Most specifically, this problem is focused on Aguirre’s power to file legal actions on behalf of the city. Like any sprawling metropolis, the city of San Diego is juggling thousands of cases: lawsuits against it; lawsuits of its own against others; and hundreds of misdemeanor criminal prosecutions.
Aguirre believes that he has the right and responsibility to represent the people of San Diego and to file lawsuits on their behalf.
In fact, just Wednesday, he reasserted that right and said that — even if the City Council doesn’t agree with his findings — he will pursue a lawsuit against Kroll Inc. That’s the investigative firm that milked the city for $20 million before finally producing a report about the city’s problems in August.
But the City Council tried to draw a little line in the sand a couple of weeks ago.
It passed a law requiring the mayor and city auditor specifically to withhold funds from the city attorney for use on lawsuits that the City Council did not authorize him to initiate.
It was a surprisingly clever move. After all, the city attorney has just himself reaffirmed, sort of, the City Council’s ultimate authority to set the city’s budget. That would include the City Attorney’s Office.
So why shouldn’t it be able to cut off funds for the city attorney? It’s as if the Congress realized it couldn’t stop a war that the president started but it could cut off funding for the war. Aguirre can still fight his wars, but he’ll have to get a helmet and some ammunition himself and go for it.
Let’s be clear about why this is a big deal: Many members of the City Council, if not all of them, have disagreed with the city attorney’s definition of his own job. But they’ve never done anything about it. A combination of political cowardice and political aptitude has held Council President Scott Peters back from challenging Aguirre’s power to do this. He had come close, but he refrained.
Until now. On March 27, the City Council was reviewing the city’s budget as part of regular mid-year adjustments. In an obviously orchestrated move, with a 6-2 vote, the group decided that the city auditor and comptroller was not authorized to pay for lawsuits Aguirre decides to pursue on his own.
Now, the auditor is controlled by the mayor. So, the mayor could have just sat on this and let his buddy Aguirre go forward with the status quo. But he didn’t. The mayor directed that his auditor follow up on this and ask Aguirre for a list of his current lawsuits.
“The council passed an action and we need to implement the action. If not, we would be in dereliction of duty,” said Fred Sainz, the mayor’s spokesman.
Presumably, the list the Mayor’s Office requested from Aguirre was going to be compared with a list of the lawsuits the City Council authorized. Somehow, then, the auditor was going to decide how to unfund the unilateral legal actions. Ostensibly, this would force the city attorney to fire any outside lawyers he’s hired to pursue some of his efforts.
Peters pretty obviously is the architect behind the measure, although Councilman Ben Hueso was the one to introduce it.
But they made a mistake. They wanted to do this passively. They wanted to sneak in a bold affront to Aguirre’s power. But they wanted to do it swiftly without having to confront him.

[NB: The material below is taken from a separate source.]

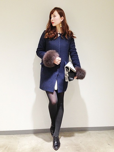 ノーカラーファーコートはボタンを閉めて、

Aguirre immediately claimed they were overstepping their boundaries and illegally trying to clip his wings. But when responding to the mayor’s request to list out the lawsuits in question — so they could be unfunded — the city attorney outlined another complaint about the City Council’s moves.
He said the council did not properly alert the public that it was going to pass such a substantive law. The council broke, in other words, the Ralph M. Brown Act — the one public law that government watchdogs all around the state know by heart.
The Brown Act has many facets, but the one related to this case holds that governments like the City Council must alert their constituents to the fact that something important is going to be discussed during a public meeting. That way, if the public has something to say, they can get there and let their feelings be known.
Aguirre said no opportunity was given, even to his staff, to respond to a proposed law like this.
The public had been alerted to the idea that budgets, including the city attorney’s, were going to be discussed. But nobody knew that something this monumental and confrontational was going to come up.
Peters said he can’t anticipate all the amendments to ordinances that come through. So how can he tell the public about every little thing that might come up?
“Aguirre is using the Brown Act to fight something he doesn’t like. We have no way of knowing the amendments we are going to make to something before we go to a meeting and hear from our colleagues and the public,” Peters said.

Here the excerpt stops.